Ob der Film nun aber im Heimkino oder doch auf den großen Leinwänden gelaufen wäre, spielt rein qualitativ erstmal keine Rolle. Und eine originelle Prämisse muss ja auch nicht gleich ein Qualitätsmerkmal sein, weswegen man "Rot" dabei wirklich eine Chance bieten sollte. Denn der klingt zwar erstmal nicht wie ein wirklich cleveres Abenteuer, ist es aber, sobald die Geschichte wirklich in Schwung gekommen ist. Die Damen und Herren von Pixar beweisen dabei unermüdlich, dass sie sich nicht nur auf einer einzigen Idee ausruhen, sondern mit dieser erneut so weit rennen, wie sie nur können. Von all den verrückten Wendungen und Einfällen will man vorab so wenig wie möglich verraten, denn diese selbst zu entdecken dürfte den größten Spaß des Films ausmachen. Mit einem wahnwitzigen Tempo rast "Rot" dabei voran und scheint in dem Irrsinn aus Gags und optischen Feuerwerken auf einer anderen Art Strom zu laufen als vorherige Pixarfilme.
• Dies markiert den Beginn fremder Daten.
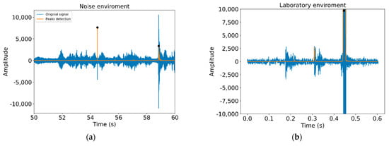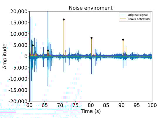 To verify the accuracy and precision of this algorithm, all connections made have been manually tagged. In this way, precise time margins have been created in which a peak should exist. This allows to check whether the peak exist at that time, which would be a correct peak, or non-present, which would be an undetected peak. Furthermore, those detected outside the margins would be directly incorrect. Figure 15 shows a 40 s audio sample, in which we can observe five correct peaks. Other peaks are observed that do not meet the conditions of detection, and then they are not labeled as clicks.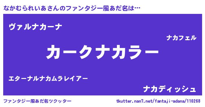 | ヘコむあだ名 | 『なかむられいあ(爆)』『なかっふぃ~』 |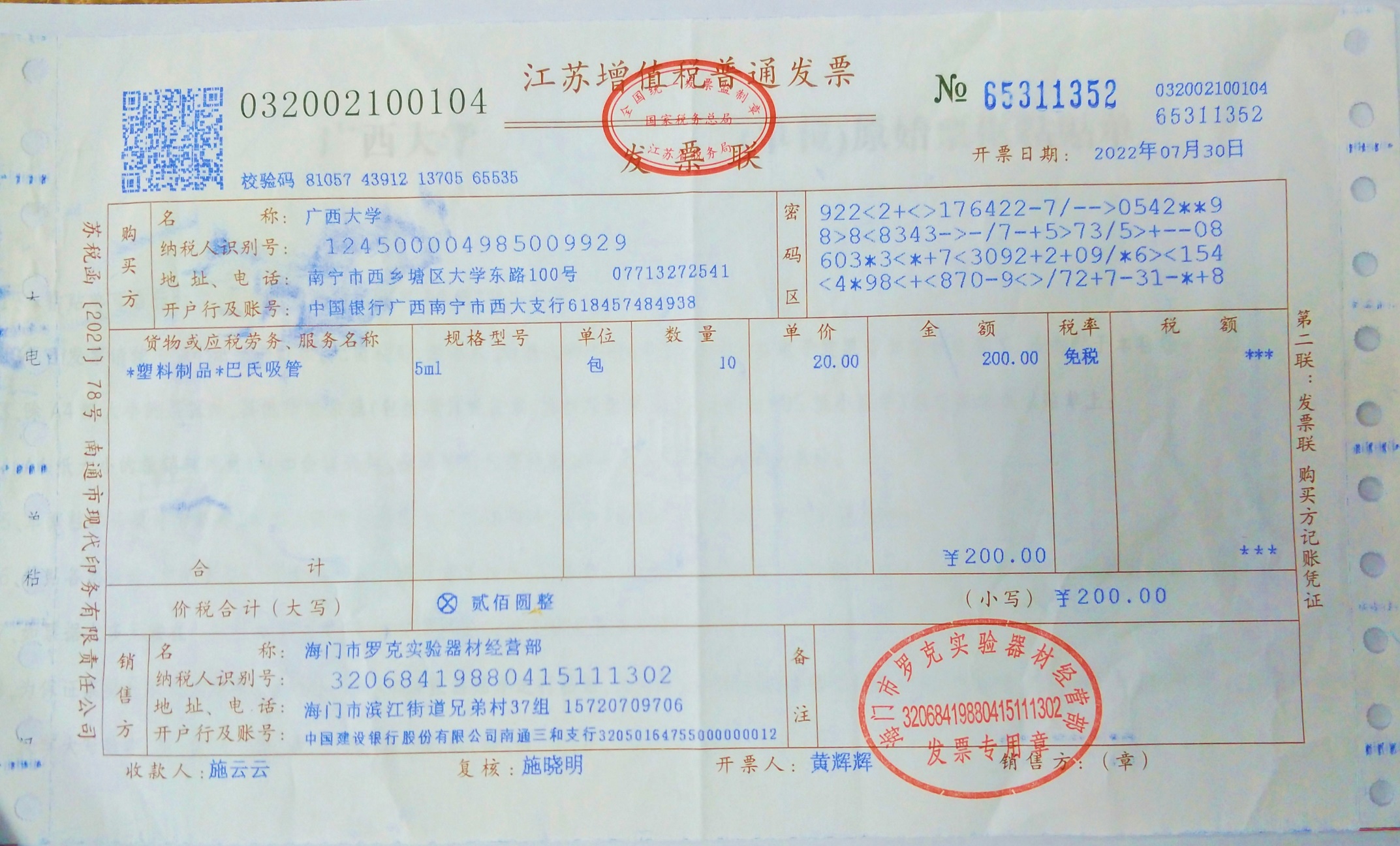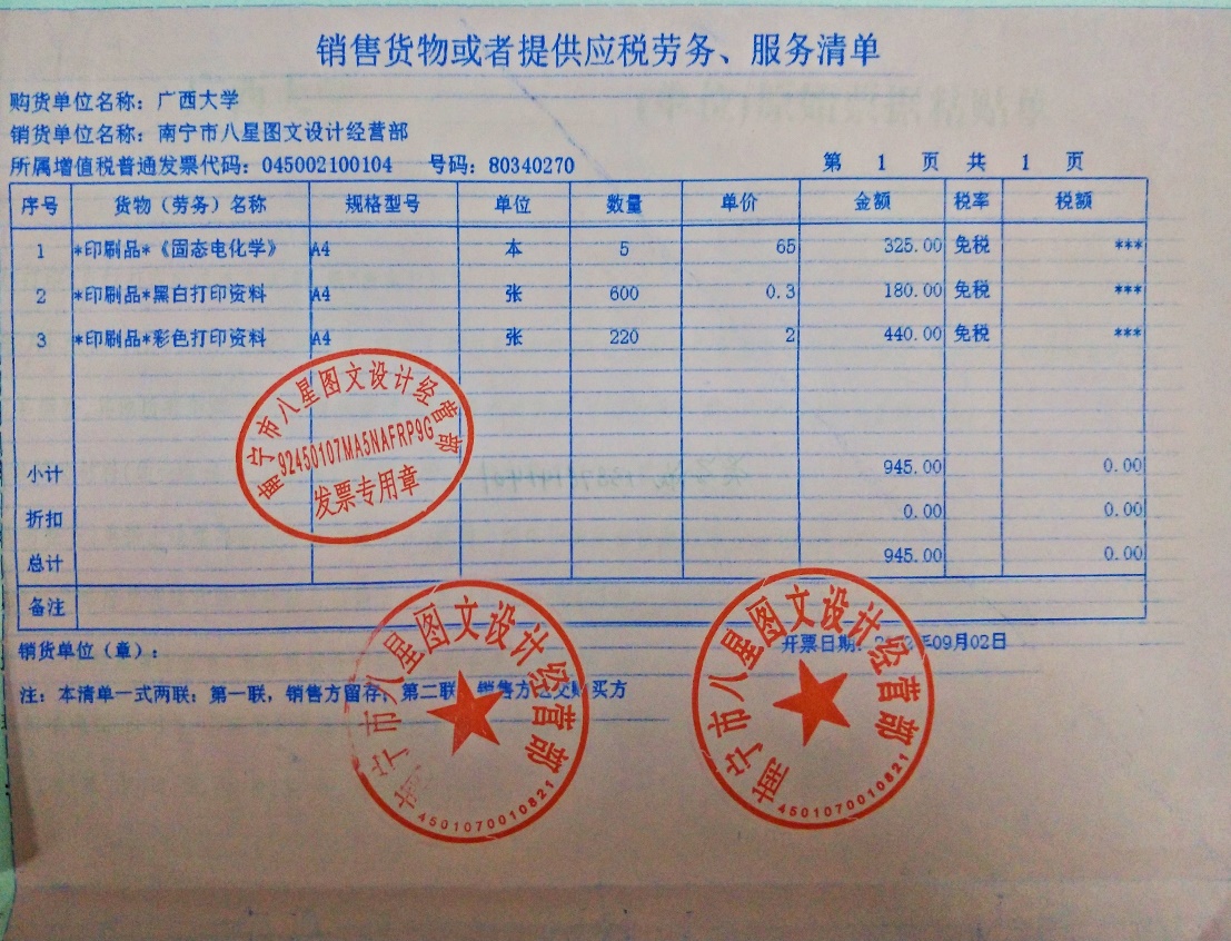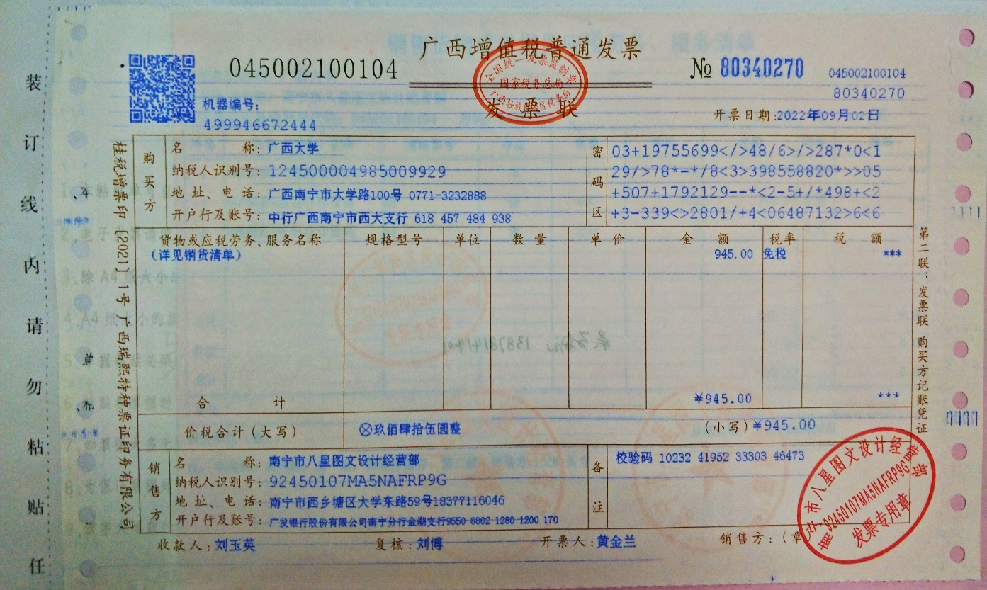 注意:特殊业务外,发票抬头不能写个人名字或广西大学XX学院。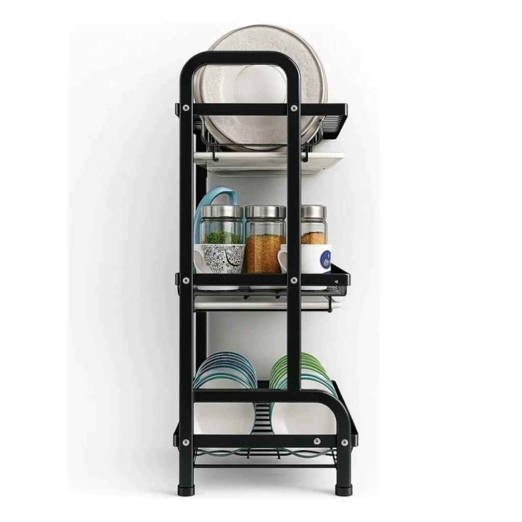 Optimiza tu cocina con este escurridor de platos de 3 niveles. Su diseño moderno y resistente aprovecha el espacio vertical, manteniendo todo organizado: platos, tazas, utensilios y hasta tablas de cortar. Ideal para cocinas grandes o pequeñas, combina practicidad y estilo, garantizando orden y comodidad en tu día a día.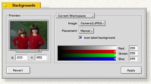 For a background image, drop the image file into the Preview box, and choose a placement option from the Placement: popup (the Center and Scale to Fit placements apply only to desktop backgrounds, not to folders). If you choose the Manual setting, the X: and Y: fields will display the coordinates of the image's origin (upper-left corner). To move the image, simply drag it into the Preview screen, or type in the X: and Y: fields.
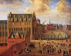 The palace burned down on the night of 3 February 1731 in a fire that took much of the original royal complex.[3][8] Funds were not available for rebuilding, so for more than forty years, it remained in a state of ruin, known as the Cour brûlée ("Burnt Court").[9] Several projects for the redevelopment of this space were proposed, including the reconstruction of a palace, which did not go beyond the stage of sketches, for lack of money.[10] The construction of a new palace also seemed to be all the less necessary since, in the meantime, the court had moved to the Palace of Orange-Nassau, on the site of today's Palace of Charles of Lorraine.[11] In 1769, the idea germinated to clear and level the ruins of the Place des Bailles and to convert it into an esplanade intended for military parades.[10] The plan was on the verge of completion in 1772, when another project rendered it obsolete.[3]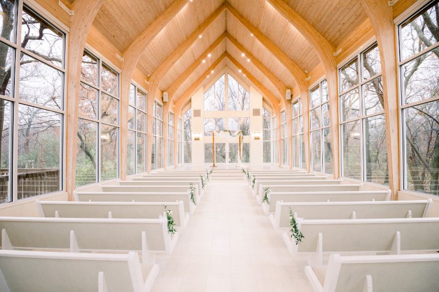 This bold and timeless wedding in Tulsa at The Glass Chapel had all the classic touches of a simple and traditional wedding. Jessica Mattox and Caleb McGuire’s special day was photographed by Ashton Marie Photography, and no beautiful detail or moment was missed. The chapel was every bride’s dream, decorated with soft greenery and delicate white blooms. The windows allowed beautiful natural light to flow in, giving Jessica a sun kissed glow. Jessica’s bridesmaids’ bold burgundy gowns complemented the subtle touches of colorful gerber daises and navy blue tablescapes. The flickering lanterns on every table gave their guests a warm and inviting feel. To prepare for the wedding, the couple wanted to get their fitness on and signed up for a few classes with Pure Barre Tulsa Midtown. They truly were a power couple! All the details of the McGuire’s stunning day are total swoon-worthy, and we know you’ll be just as obsessed as we are! Cheers to the newlyweds!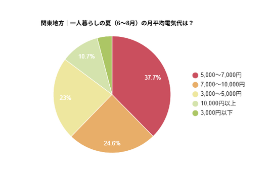 【関東の一人暮らし】夏の平均電気代は「5,000~7,000円」が約4割で最多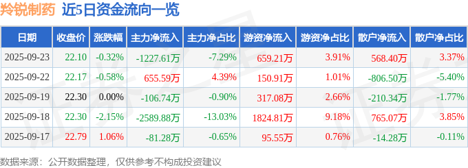 证券之星消息,截至2025年9月23日收盘,羚锐制药(600285)报收于22.1元,下跌0.32%,换手率1.35%,成交量7.65万手,成交额1.68亿元。

Das mag besonders zu Beginn noch ein wenig anstrengend und überfordert wirken, doch mit der Zeit findet der Film einen sinnigen Ton zwischen schriller Comedy und einer simplen, aber treffsicheren Geschichte, die durchaus zu Herzen geht.
Dabei erzählt "Rot" nicht nur eine actiongeladene und temporeiche Geschichte mit viel optischer Brillanz, sondern streift und vertieft auch relevante Themen. In bester Manier ist er dabei feministisch, weise und sogar kritisch und setzt sich mit der Eigenständigkeit eines weiblichen Individuums und den typischen oder auch untypischen Konflikten eines Mädchens beim Eintritt ins Jugendalter ziemlich originell auseinander. Dabei kommen auch die schrillen Nebenfiguren nicht zu kurz, von denen es hier einen ganzen Haufen gibt und wo sich jeder seinen eigenen Favoriten herauspicken kann. Für mich hat dabei weder die durchgeknallte Truppe aus Meilins Freundinnen noch ihre völlig losgelöste Mutter die meisten Lacher geerntet, obwohl sie alle für sich absolut großartige Figuren sind. Noch besser, weil nuancierter und sympathischer stiehlt sich nämlich der Vater der Protagonistin aus der Affäre, der als ständig essender und eigentlich auf Ruhe und Frieden pochender Mann der Familie einige Szenen von purstem Comedy-Gold ausfüllt und im brillanten Finale einen der besten Gags überhaupt abliefert.

Fazit: "Rot" ist ein energetisch schier aufgeladener Comedy-Animationsfilm, der seine schrägen Ideen mit der vollen Breitseite abliefert. Technisch mehr als überzeugend und voller herrlicher Gags vergisst er dabei aber auch nicht das Herz und eine gar nicht so einseitige Geschichte, die über 100 Minuten das Zwerchfell anstrengt, aber auch nachdenklich stimmen kann.